The degree to which data meets certain requirements is defined by the term 'Data Quality' (DQ). Problems causing DQ degradation may include missing values, duplicates, inconsistencies, anomalous values, data integrity violations, and incorrect formats.

Various algorithms can be used to calculate DQ. In this case, as a rule, data from a mart or replica containing a snapshot of data at a specific point in time and located in the data warehouse are used for analysis. For small systems, in some cases, data from backup copies of the production database can be used, or very rarely from the production database itself, in the absence of the ability to deploy other sources.

In a simplified form, a validation algorithm can be described as a process that analyzes data according to a specific condition.

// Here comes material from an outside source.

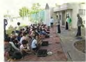
植え替えの様子(東小)
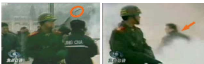
3、重物飞越人头顶 4、打击者仍保持用力姿势

This is easier to understand with a simple example. Let's say we have a table of 100 records with customer information, containing for each customer first name, last name, date of birth, ssn, email, phone:

Obviously, each client must have a date of birth, while, theoretically, a person may not have an email or phone number. To check if the date of birth in our table is not empty, we must check each record for the NOT NULL condition in the birthday field. We are running a query that will return the number of records with an empty date of birth. Let's say there are 20 such records out of 100. Then we can say that we have 20% of incorrect records in terms of the date of birth, so the quality of the data is 80%. How good or bad is that? It all depends on the system and on the data. In some cases, having even one empty entry may not be acceptable.

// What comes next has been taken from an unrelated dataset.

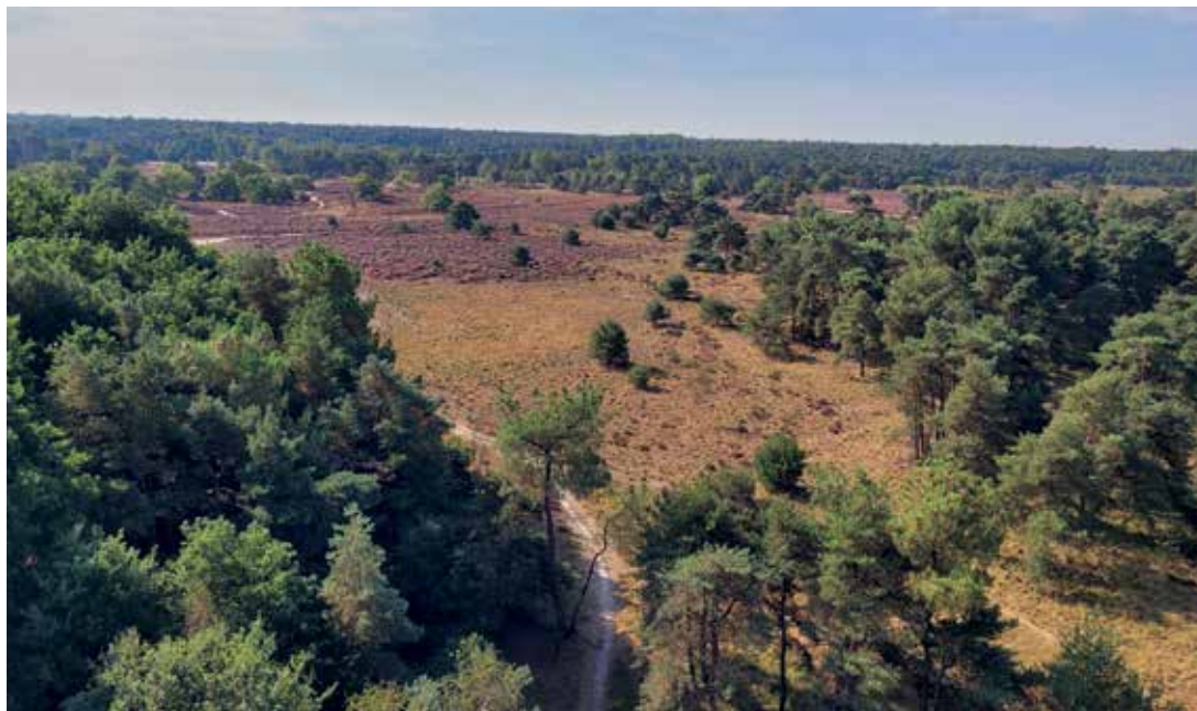
De heide in bloei

When we say that a field must not be empty, we mean an assessment of the quality of the data according to the criterion of 'completeness'. In addition, other criteria for assessing DQ can be classified as consistency, reliability, accuracy, unambiguity, uniqueness, consistency, compliance. These are the most common criteria (dimensions), in practice there may be others.

The term 'data quality requirement' or simply 'requirement' is used to describe the conditions for checking DQ. For example, the requirement can be formulated as follows: "SSN must be specified, as well as at least one of the communication methods." Then the condition for selecting incorrect records in SQL will look like this:

ssn is null or email is null and phone is null

Consider another version of the requirement: "Date of birth and SSN must be filled in and match the intervals and template." Then the conditions for incorrect entries can be:

Date of birth is empty
Date of birth does not match the intervals (for example, 01-01-9999)
SSN is empty
SSN contains characters

If any of these conditions are met, the record will be considered incorrect. Obviously, the check will consist of several conditions connected by the 'OR' operator:

birthday is null or birthday> now () or ssn is null or not is_numeric (ssn)

All conditions are described in the requirement and then interpreted in SQL (or other code) to perform validation on the dataset. Based on the needs of the business, there may be several requirements, each of which will address the problem of DQ in a specific context. One requirement may be intended to ensure the operation of the system and require the completion of mandatory fields, another for completeness of contact information for customers and will give an overall assessment of how, for example, users prefer to provide information about themselves when it comes to those customers who have registered online.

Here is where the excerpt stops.